Photograph of a fresh human cervical specimen under biomechanical testing. The marker was attached to the top cylinder to prevent signal loss from the LEDs in the C2 vertebra

Fig. 2
figure 2

Photograph of a fresh goat cervical specimen under biomechanical testing

Four light-emitting diodes (LEDs) were firmly attached to individual single flat plates, which were then attached to the C2, C3, C4 and C5 vertebrae. In total, 16 LEDs were used (Figs. 1, 2). Ideally, the specimens would have an appropriate length; otherwise, capturing the instantaneous illumination of LEDs would be challenging. Because the specimens in the H group were too short, the first marker was placed on the upper mold rather than the C2 vertebral body. A pure moment was applied to the top end of the specimen using a material testing machine (MTS 858 Bionix machine, MTS System Inc., Minneapolis, MN, USA). Precision motion-capture equipment, an optoelectronic three-dimensional motion-capture system with three cameras (OPTOTRAK CERTUS, Northern Digital Inc., Waterloo, Canada), was used in the test.

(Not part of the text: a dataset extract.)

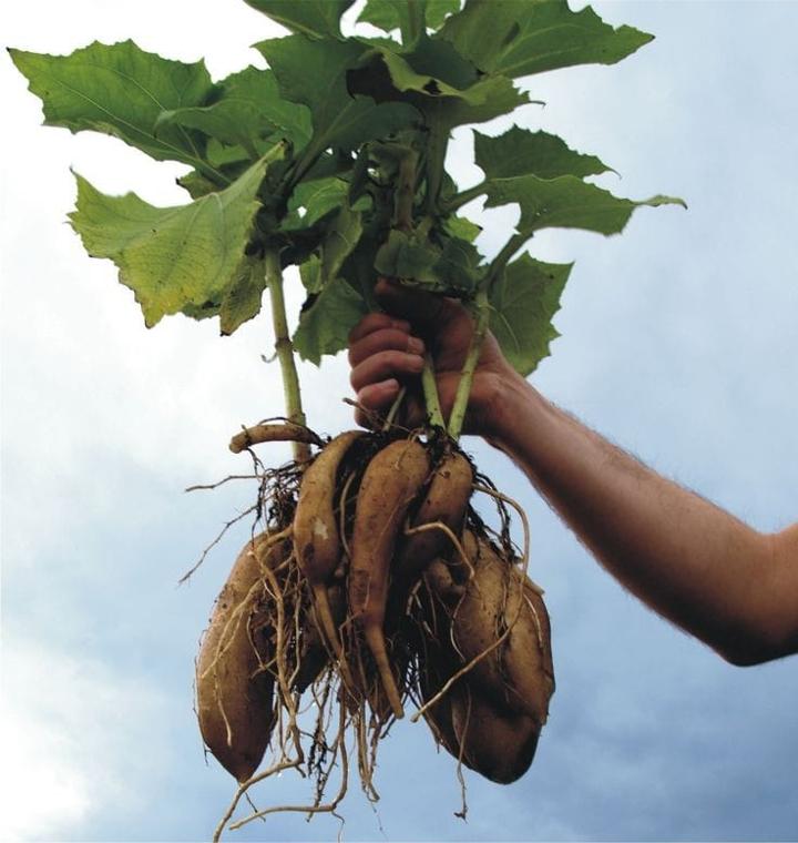 Yakon, a perennial, grows in well-drained, fertile soil and partial shade to full sun. It's frost-sensitive and benefits from regular watering.

In flexion–extension, left–right lateral bending and left–right axial rotation, a torque (1.5 Nm or 2.5 Nm) was applied to the upper end of the specimen. OPTOTRAK CERTUS (three-dimensional precision: 0.1 mm; measuring distinguishability: 0.01 mm, sampling frequency: 100 Hz) was used to record the instantaneous location of the LEDs in real time. A MATLAB program was used to convert these records to ROMs (MathWorks, Natick, MA, USA). Five loading cycles were performed in total, and the third cycle was used for statistical analysis.

Statistical analysis

The data are represented as the mean ± SD. GraphPad Prism 5.0 (GraphPad Software, Inc.) was used to create the histogram. Statistical analyses were performed using SPSS 19.0 (SPSS Inc., Chicago, IL, USA). An independent sample t test was used to analyze the differences in ROM between the two groups. A p value of less than 0.05 was considered statistically significant.

Results

ROM under 1.5 Nm torque (Additional file 1: Table S1)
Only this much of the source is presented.